Six rounds, 622 strokes, 22 golf balls lost and, sure, I wish I’d played better, more to my best, such as it is. But in the end, there’s one shot that I will always remember from Ireland, in addition to the one that bounced off the car, because truly it wasn’t about the shots, but about the experience.

It came at Lahinch, on the first day, on the par-5 fourth hole, inspired by the Klondyke hole that Old Tom Morris designed in 1894.

The golfer must hit a narrow fairway between two massive, grass-covered sand dunes, then clear another dune, the Klondyke Hill, in a blind shot to the green.
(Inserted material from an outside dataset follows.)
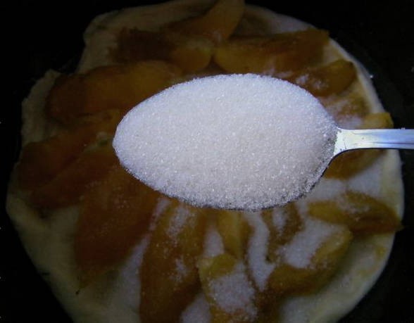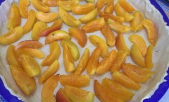 Snijd de abrikozen in dunne plakjes. Doe het product in een vorm met deeg. Bestrooi de vulling met suiker.
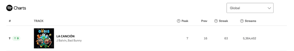 El renovado éxito del álbum trasciende las listas. Solo en la última semana, “La Canción”, el quinto tema del proyecto, escaló al #7 en el ranking global de Spotify y entró al Top 10 en 16 países, incluidos Suiza, Colombia, Canadá y Portugal, reafirmando el alcance internacional y la vigencia cultural de este trabajo emblemático.

My tee shot found the rough on the right-side dune, and my second shot back to the fairway left me 200 yards from the green that was hidden somewhere behind the Klondyke Hill. The white-haired Irishman at the top of the hill — stationed to protect golfers on the 18th fairway that crosses behind it — gave me a rough line.

Not so confident that I didn’t warn the spotter to watch carefully — he immediately retreated a few paces from the logical line of fire, which certainly didn’t guarantee safety — I hit a wonderful three-wood that cleared the hill majestically.

“Good shot,” the Irishman called. “Well done!” The ball had stopped on the back of the green. Two putts later I had my first par ever outside the continental United States.

A heck of a shot, and in Ireland, on a hole inspired by Old Tom Morris. Granted, just one of the 114 strokes on my card that day, but a heck of a shot, the kind golfers remember in their souls.